25 January 2024 - 25 January 2024
12:45PM - 2:00PM
Durham University Business School
Free
Join us for a CSTIO-hosted seminar with Dr Gar Goei Loke (Durham University)
We examine a stochastic formulation for data-driven optimization wherein the decision-maker is not privy to the true distribution, but has knowledge that it lies in some hypothesis set and possesses a historical data set, from which information about it can be gleaned. We define a prescriptive solution as a decision rule mapping such a data set to decisions. As there does not exist prescriptive solutions that are generalizable over the entire hypothesis set, we define out-of-sample optimality as a local average over a neighbourhood of hypotheses, and averaged over the sampling distribution. We prove sufficient conditions for local out-of-sample optimality, which reduces to functions of the sufficient statistic of the hypothesis family. We present an optimization problem that would solve for such an out-of-sample optimal solution, and does so efficiently by a combination of sampling and bisection search algorithms. Finally, we illustrate our model on the newsvendor model, and find strong performance when compared against alternatives in the literature. There are potential implications of our research on end-to-end learning and Bayesian optimization.

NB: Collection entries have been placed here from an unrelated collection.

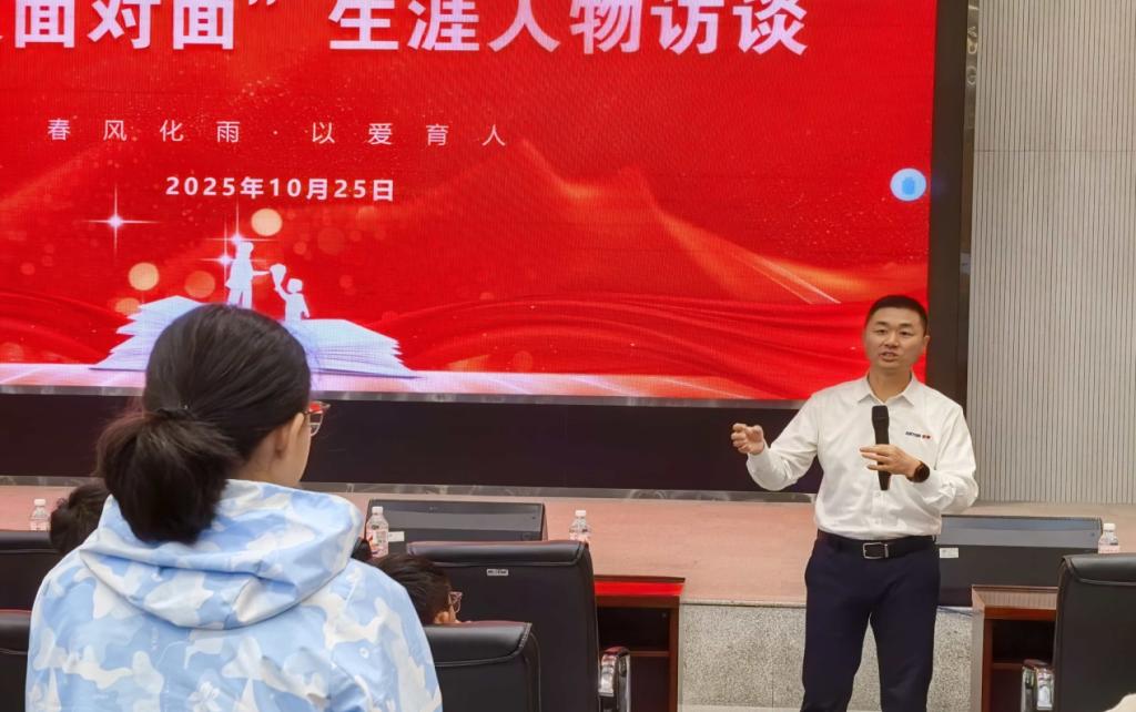 在“生涯人物访谈”互动环节,同学们踊跃提问,围绕“如何实现职业高阶发展”“研究生阶段如何提升综合竞争力”等话题展开交流。针对就业后的成长路径,邓勇强调持续学习与对标优秀人才的重要性;对于研究生阶段的发展规划,他建议积极参与企业合作项目,推动理论知识向实践能力转化,同时聚焦目标企业的业务方向,提前做好知识储备与能力布局。
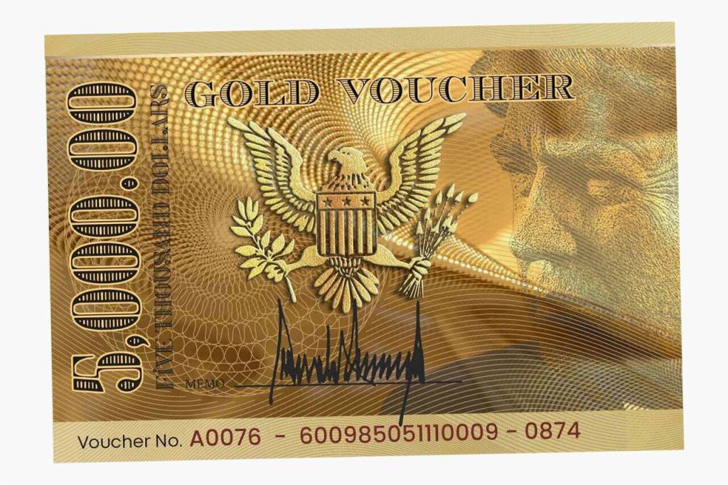 The Golden Trump Voucher is a one-of-a-kind commemorative item designed by former President Trump supporters. The Golden Voucher also expresses support for the candidate’s 2024 Presidential bid. The Golden Trump Voucher is printed on gold foil and contains the United States Treasury Emblem.
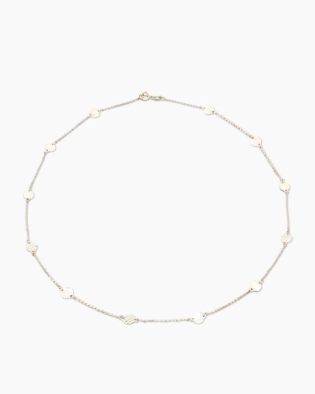 Zeitlose Eleganz trifft auf raffinierte Details – diese Kette vereint klassisches Design mit modernem Charme. Die feine Forzatina-Kette aus Gold 585 wird durch flache, runde Elemente mit Diamantschliff akzentuiert, die bei jedem Lichteinfall dezent funkeln und der Kette eine besondere Lebendigkeit verleihen. Die diamantierte Verarbeitung sorgt für ein faszinierendes Lichtspiel und macht dieses Schmuckstück zu einem echten Hingucker. Mit ihrem zeitlosen Design lässt sich die Kette vielseitig kombinieren – ob im Alltag oder zu besonderen Anlässen. Der sichere Federringverschluss garantiert einen komfortablen Tragekomfort. Erhältlich in drei verschiedenen Längen, passt sich diese elegante Goldkette perfekt Ihrem individuellen Stil an. Was die Qualität unserer Schmuckstücke angeht, gehen wir keine Kompromisse ein. Aus diesem Grund werden unsere Schmuckwaren von unserer Qualitätssicherung und seitens des Lieferanten strengsten Prüfprozessen unterzogen. Unter anderem beinhalten unsere Prüfprozesse Prüfungen auf Konformität mit den Bestimmungen der Schweizer Edelmetallkontrollgesetzgebung. Ein Schmuckstück, das durch seine schlichte Raffinesse überzeugt und Sie jeden Tag aufs Neue begleitet.
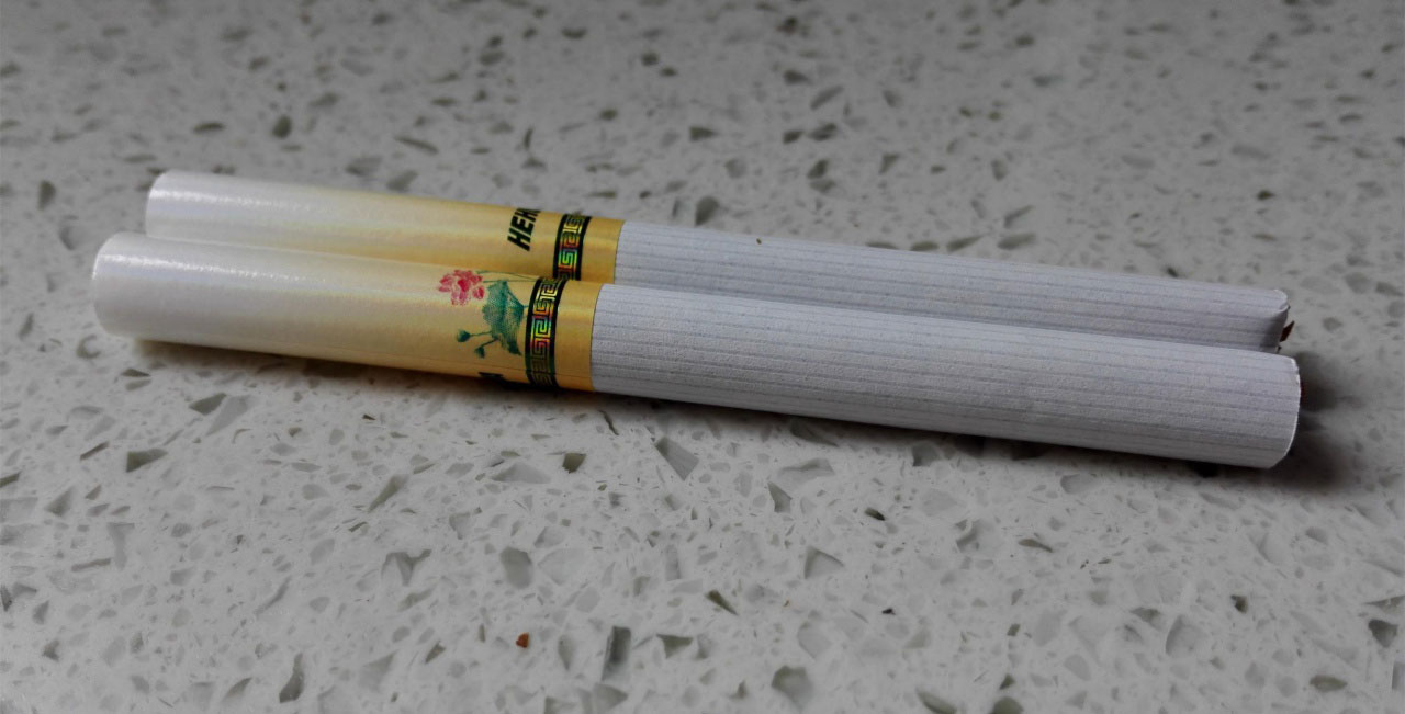 经过开盒后4天的放置,在撰写本篇文章时来抽,明显地感受到了卷纸呈较为干硬的现象。这也正常,毕竟是开盒后放置的。而现在点燃吸食过程中,之前所感受到的烟气稀薄阻滞症状,却有所缓解。我想,这应该与烟丝略显干硬的原因有关,即使过滤嘴中的活性炭和凹槽纸依旧存在。

Gar Goei recently joined the Department of Management and Marketing at Durham as an associate professor in November 2023. Previously, he was an assistant professor at the Rotterdam School of Management, and prior to that, a visiting assistant professor at the National University of Singapore Business School. Gar Goei’s research centres on the technical areas of robust optimization and data-driven optimization. He is looking at ways to harmonize machine learning, statistics and optimization. He finds applications in areas of healthcare operations management, energy and water, supply chain management and service operations management. His research has been published in Operations Research and Manufacturing & Service Operations Management. Prior to joining academia, he spent 5 years as a data scientist, and then leading teams of data scientists in the Singapore Government. He remains affiliated to the core data science team in the Singapore Government, and provides consultancy and training on a voluntary basis.